:: DATA BELOW ::
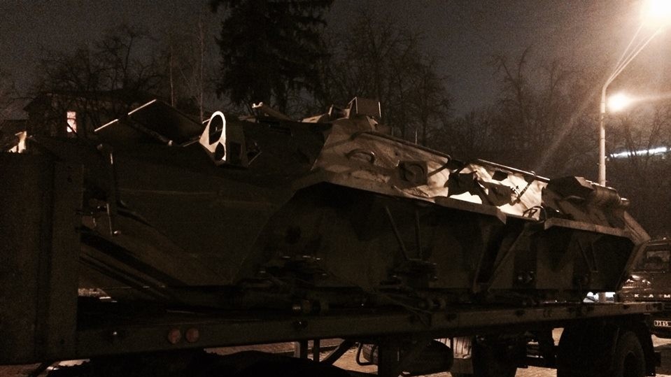 Російські танки, "Гради", БМП, БТР та іншу військову техніку, яку бійці АТО взяли в "полон", звозили на площу всю ніч.
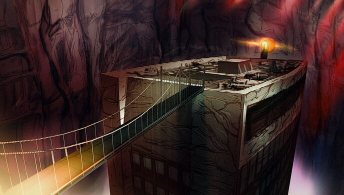 しばらく壁にぶら下がったままの尾地。下を見る。足場も一切なく、底なしの闇に落ちれば命はないということを確認した。彼はのこった右半身の力のみでこのビルを登らなければならなかった。その高さ約五〇メートル。
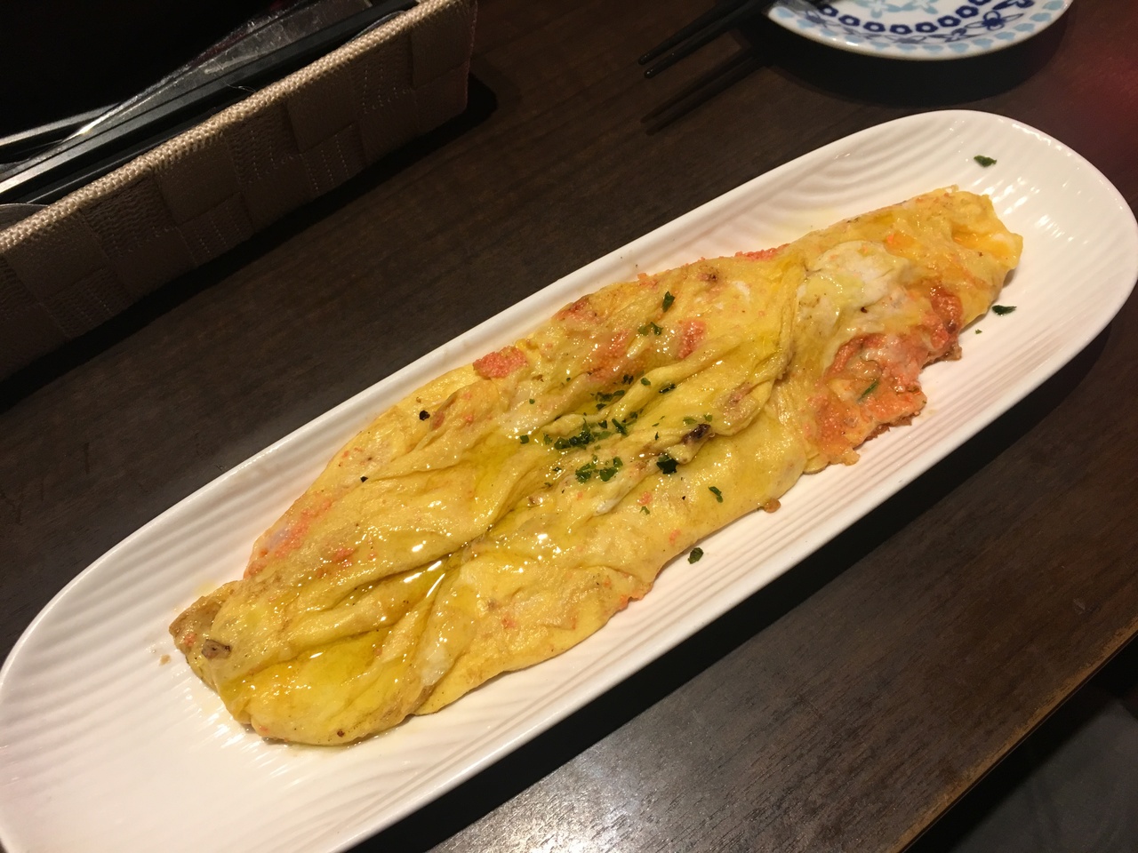今回、ワインやサングリアを飲みながら、明太子が入ったオムレツ、チキンソテーなどを食べました。

:: WORK TO BE COMPLETED ::
All of the data gets printed again exactly; the pictures do not.

:: EXERCISE RESPONSE ::
 Російські танки, "Гради", БМП, БТР та іншу військову техніку, яку бійці АТО взяли в "полон", звозили на площу всю ніч.
 しばらく壁にぶら下がったままの尾地。下を見る。足場も一切なく、底なしの闇に落ちれば命はないということを確認した。彼はのこった右半身の力のみでこのビルを登らなければならなかった。その高さ約五〇メートル。
今回、ワインやサングリアを飲みながら、明太子が入ったオムレツ、チキンソテーなどを食べました。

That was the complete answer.